1. Row of houses, large trees, small plants are the examples, of immovable objects.

2. Flying birds, running cars and buses are the examples of movable objects.

Activity to be done by the students themselves

ACTIVITY-2

Tabulate the distance covered by a bus in a heavy traffic road in equal intervals of time and do the same for a train which is not in an accelerated motion. From your table what do you understand?

The bus covers unequal distance in equal intervals of time but the train covers equal distances in equal intervals of time.

Solution:

ACTIVITY - 3

Observe the motion of a car as shown in the figure and answer the following questions:

Compare the distance covered by the car through the path ABC and AC. What do you observe?
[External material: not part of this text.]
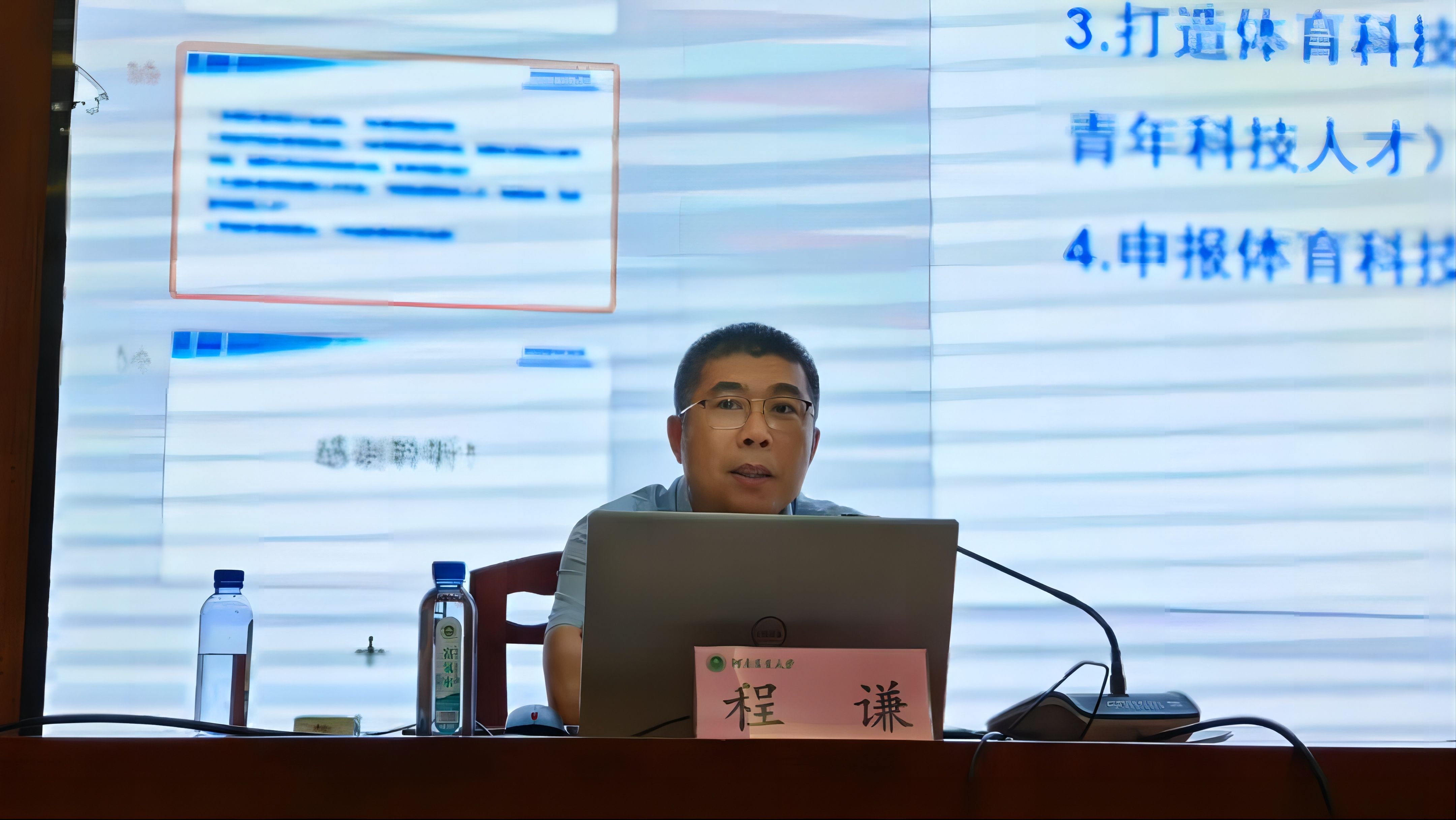 (通讯员/图 黄妍)为响应推动体育强国建设的号召,博彩游戏 于6月13日15:00在龙子湖校区图书馆一楼报告厅开展科技创新助力体育强国建设学术报告会,国家体育总局科教司科技处处长程谦作为主讲嘉宾出席,博彩游戏 院长唐大鹏主持会议。

Which path gives the shortest distance to reach D from A? Is it the path ABCD or the path ACD or the path AD?

Solution:

1. Distance covered by the car through the path ABC = 4m + 3m = 7 m. and AC = 5 m. The distance covered by the car through the path ABC is large compared to AC.

2. The shortest distance to reach D from A is path AD = 3m.

3. The total distance covered by the car ABCDA = 14 m. It finally reaches to A.

ACTIVITY - 4

Take a large stone and a small eraser. Stand on the top of a table and drop them simultaneously from the same height? What do you observe? Now, take a small eraser and a sheet of paper. Drop them simultaneously from the same height. What do you observe? This time, take two sheets of paper having same mass and crumple one of the sheets into a ball. Now, drop the sheet and the ball from the same height. What do you observe?

Solution:

Both the stone and the eraser have reached the surface of the Earth almost at the same time.

The eraser reaches first and the sheet of paper reaches later.

The paper crumpled into a ball reaches ground first and plain sheet of paper reaches later, although they have equal mass. It is because of air resistance. The magnitude of air resistance despends on the area of object exposed to air. So the sheet of paper reaches later.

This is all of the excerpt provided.